8 Maddede KKTC Cumhurbaşkanı Mustafa Akıncı

1. Limasol doğumlu, ODTÜ Mimarlık Fakültesi Mezunu

Mustafa Akıncı 1947 yılında Kıbrıs'ın en güneyinde yer alan ve Lefkoşa'ya 80 km uzaklıktalıki Limasol şehrinde doğdu. Gözlerini dünyaya açtığı zaman Kıbrıs, Lozan Anlaşmasını'nın 21'inci maddesi uyarınca Büyük Britanya'ya bağlı bir ülkeydi ve 'Crown Colony' statüsündeydi. 3 yaşına geldiğinde Doğu Ortodoks Kilisesi bir referandum yapmış, Türklerin boykot ettiği referandumun sonucu yüzde 90'lık bir çoğunlukla Kıbrıs'ın Yunanistan ile birleşmesi yani 'Enosis' olmuştu. Kıbrıs'ın bu çalkantılı zamanında büyüdü. 1960 yılında Kıbrıs bağımsızlığını ilan ettiği tarihte henüz 13 yaşındaydı. Eğitimine devam etti. ODTÜ Mimarlık Fakültesi'ni kazanarak burada yüksek tahsilini tamamladı. 1973 yılında mezun olup Kıbrıs'a döndüğü zaman fırtına yeni başlıyordu.

Yunanistan'da yapılan darbeden sonra Başbakan Bülent Ecevit öncülüğünde Türkiye, Kıbrıs'ta akan kanı durdurmak ve 'Yalnız Türklere değil, Rumlara da barış getirmek' için tarihi müdahalesini yaptı. Kıbrıs bütünüyle değişirken, ODTÜ'den mezun olan genç Mustafa Akıncı'nın önünde de yepyeni bir yol açılıyordu: Siyaset.

2. Kıbrıs Türk Federe Devleti Kurucu Meclis Üyeliği

Bülent Ecevit meydanlarda gerçekten esiyordu. 'Biz milliyetçiliği Demirellerden, Türkeşlerden, Erbakanlardan öğrenecek değiliz.
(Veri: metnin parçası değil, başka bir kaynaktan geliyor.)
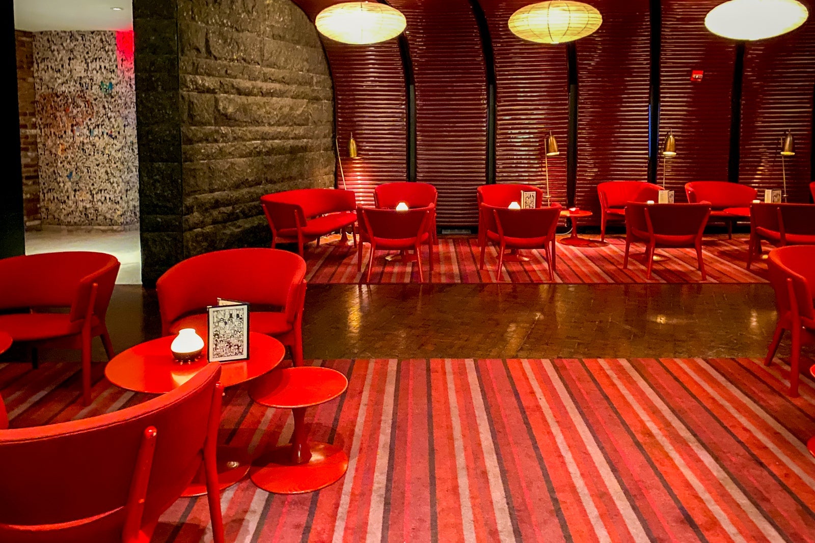 The lobby is designed to be more of a social space with oversized black lounge couches to match the party vibe. The lobby's design elements, such as funky red lighting and art throughout, hammer home the property's cool aesthetic.

Biz milliyetçiliği sokak duvarlarına değil, Afyon'un haşhaş tarlalarına, Ege'nin soğuk sularına, Kıbrıs'ın Beşparmak Dağları'na yazdık!' Meydanlar dalgalanıyordu.
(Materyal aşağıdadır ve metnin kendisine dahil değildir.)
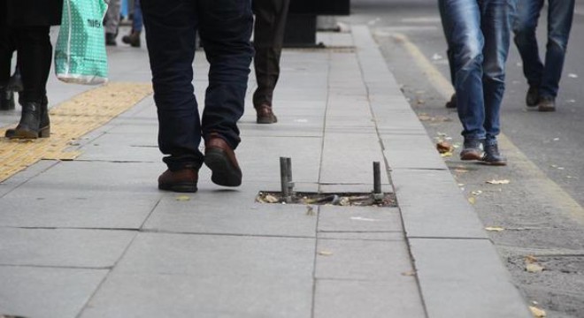 Kızılay Meşrutiyet Caddesi’nde, sokak aydınlatmaları için konulan ancak direk montajları yapılmayan çelik ankraj çubuklar, kaldırımdan yürüyen yayalara zor anlar yaşatıyor.

Kıbrıs da aynı heyecanlı ruh halindeydi. Uzun süredir devam eden mezalim bitmiş, büyük mücadelelerle Kıbrıs Türkleri Kıbrıs'ta yaşama hakkını ellerine almışlardı. Türkiye'nin müdahalesi adayı bir bıçak gibi ikiye ayırmış, Türkler adanın Kuzey tarafında yepyeni bir yaşam kuruyordu.

Mustafa Akıncı da bu yeni yaşamın bir parçası oldu. 1975 yılında Kıbrıs Türk Federe Devleti Kurucu Meclis'i üyeliğine getirildi. Burada bir devletin kuruluşuna hizmet edecekti. ODTÜ'nün devrimci ruhuyla zaten yetişmişti, şimdi yeni bir devlet kurmaya çalışanlar arasındaydı. 1976 yılında Kıbrıs Türk Federe Devleti ilan edildi. Şimdi hepsinin önlerinde mücadeleler, yokluklar, ambargolar ile devam edecek sarp bir güzergah vardı.
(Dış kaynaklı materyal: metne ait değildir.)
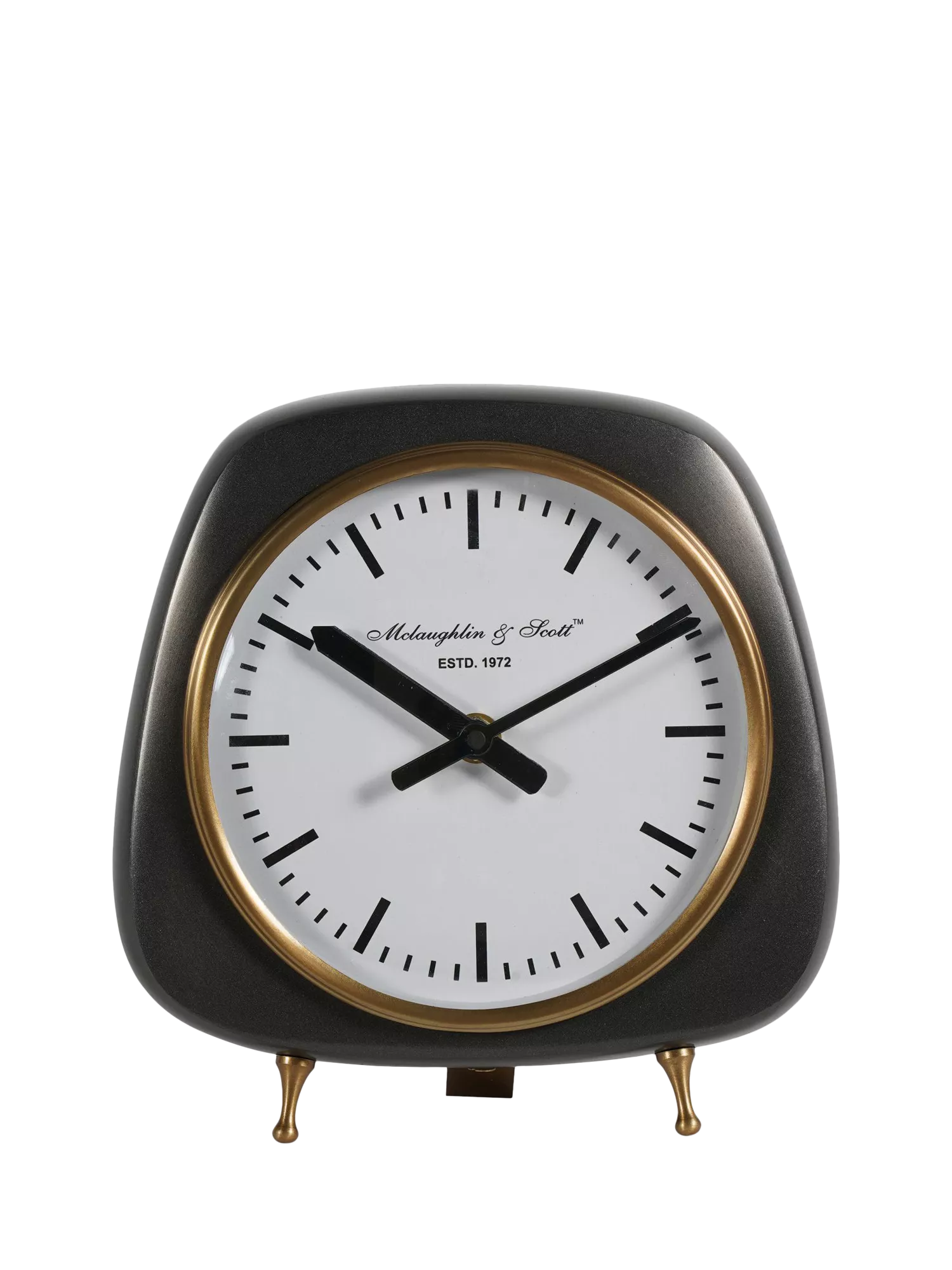 Stylish, retro mantel clock featuring a metal case with brass highlights and a smart cream face. The quartz mechanism produces a gentle ticking sound, adding to its nostalgic charm.

3. En genç Lefkoşa Belediye Başkanı

1976 yılında Mustafa Akıncı Lefkoşa Belediye Başkanlığı'na seçildi. Seçildiği tarihte henüz 28 yaşındaydı. Lefkoşa tarihinin en genç belediye başkanı olmuştu. Bu görevi tam 14 yıl kesintisiz sürdürecekti.

1978 yılında Lefkoşa Rum Belediye Başkanı ile Lefkoşa Kanalizasyon Projesi ve Lefkoşa İmar Planı konularında uzlaşma sağlayarak bu projelerin işbirliği içinde hayata geçmesini sağladı. Hazırlanmasına öncülük ettiği Lefkoşa İmar Planı 'Dünya Habitat Ödülü' ve 'Ağa Han' mimarlık ödülüne layık görüldü. 1987 yılında Kıbrıs Türk Belediyeler Birliği'nin kuruluşuna önderlik etti ve ilk başkanı oldu. Lefkoşa Belediye Tiyatrosu'nu kurarak, sanatçılar için yepyeni bir olanak ortaya çıkardı. Modern fırınlar kurulmasına öncülük etti, kent içi toplu taşımacılık hizmetini ilk kez başlattı. 14 yıllık dönemi bittiği gün arkasında işleyen ve borç yükü olmayan bir Belediye bırakmıştı, üstelik adı hiçbir yolsuzluğa karışmamıştı. Temiz bir figür olarak halkın takdirine mashar oldu.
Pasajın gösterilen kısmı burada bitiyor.